Enhanced solar energy conversion in Au-doped, single-wall carbon nanotube-Si heterojunction cells
1 State Key Lab of Silicon Materials and Department of Materials Science and Engineering, Zhejiang University, Hangzhou 310027, People's Republic of China
2 College of Materials and Environmental Engineering, Hangzhou Dianzi University, Hangzhou 310018, People's Republic of China
3 Key Laboratory of Eco-Textiles, Ministry of Education, Jiangnan University, Wuxi 214122, Jiangsu, People's Republic of China
Citation and License
Nanoscale Research Letters 2013, 8:225 doi:10.1186/1556-276X-8-225Published: 10 May 2013
The power conversion efficiency (PCE) of single-wall carbon nanotube (SCNT)/n-type crystalline silicon heterojunction photovoltaic devices is significantly improved by Au doping. It is found that the overall PCE was significantly increased to threefold.
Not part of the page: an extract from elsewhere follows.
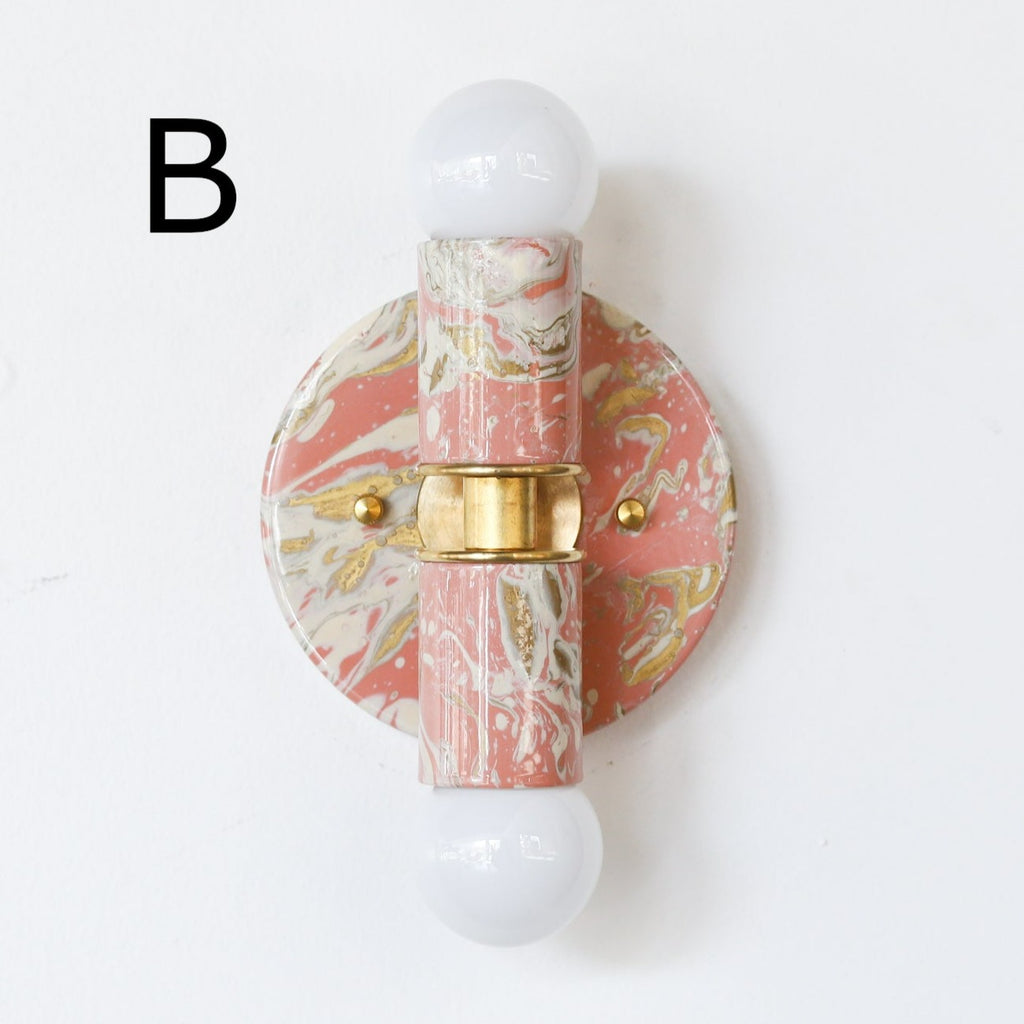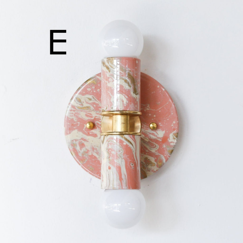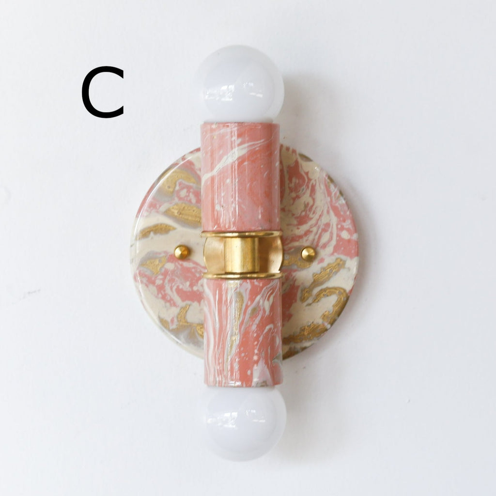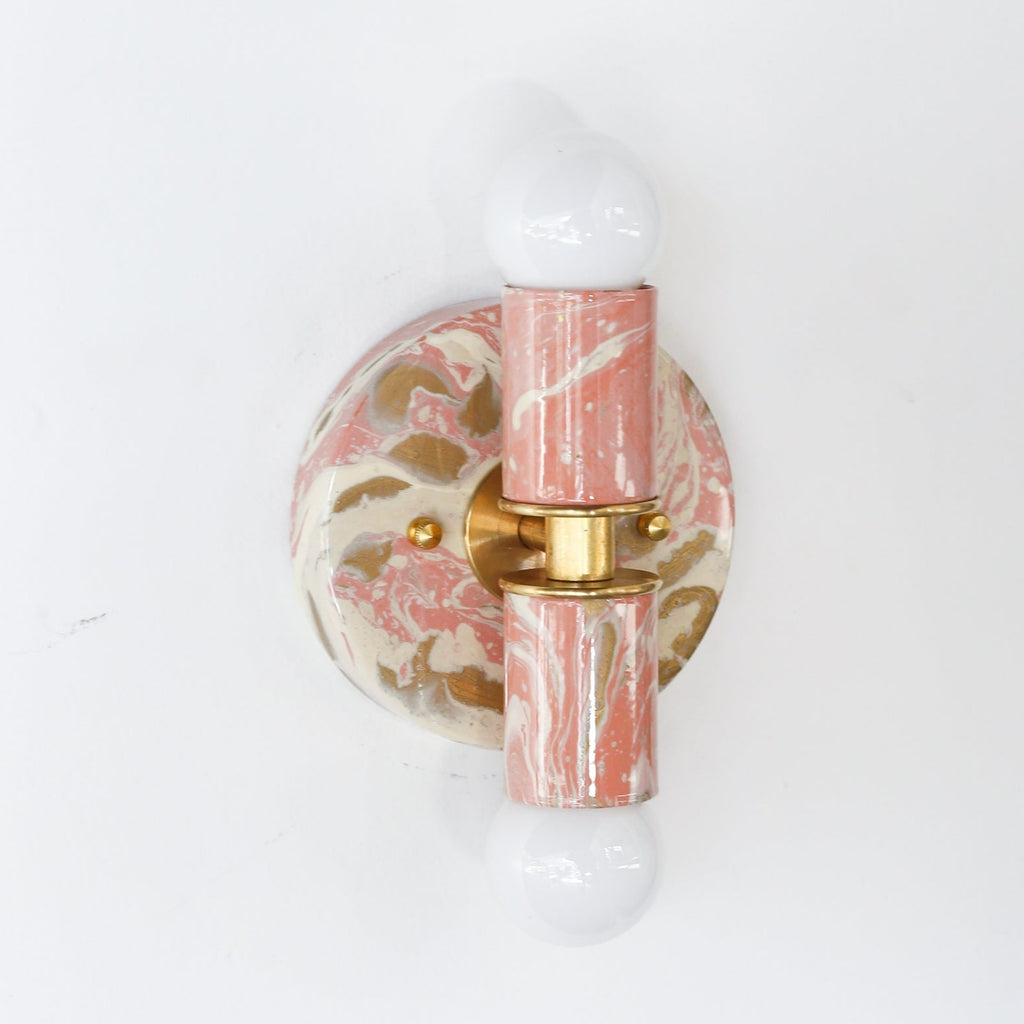 Peach, Cream, & Gold Marbled Thalia Sconces

The efficiency enhancement of photovoltaic devices is mainly the improved electrical conductivity of SCNT by increasing the carrier concentration and the enhancing the absorbance of active layers by Au nanoparticles. The Au doping can lead to an increase of the open circuit voltage through adjusting the Fermi level of SCNT and then enhancing the built-in potential in the SCNT/n-Si junction. This fabrication is easy, cost-effective, and easily scaled up, which demonstrates that such Au-doped SCNT/Si cells possess promising potential in energy harvesting application.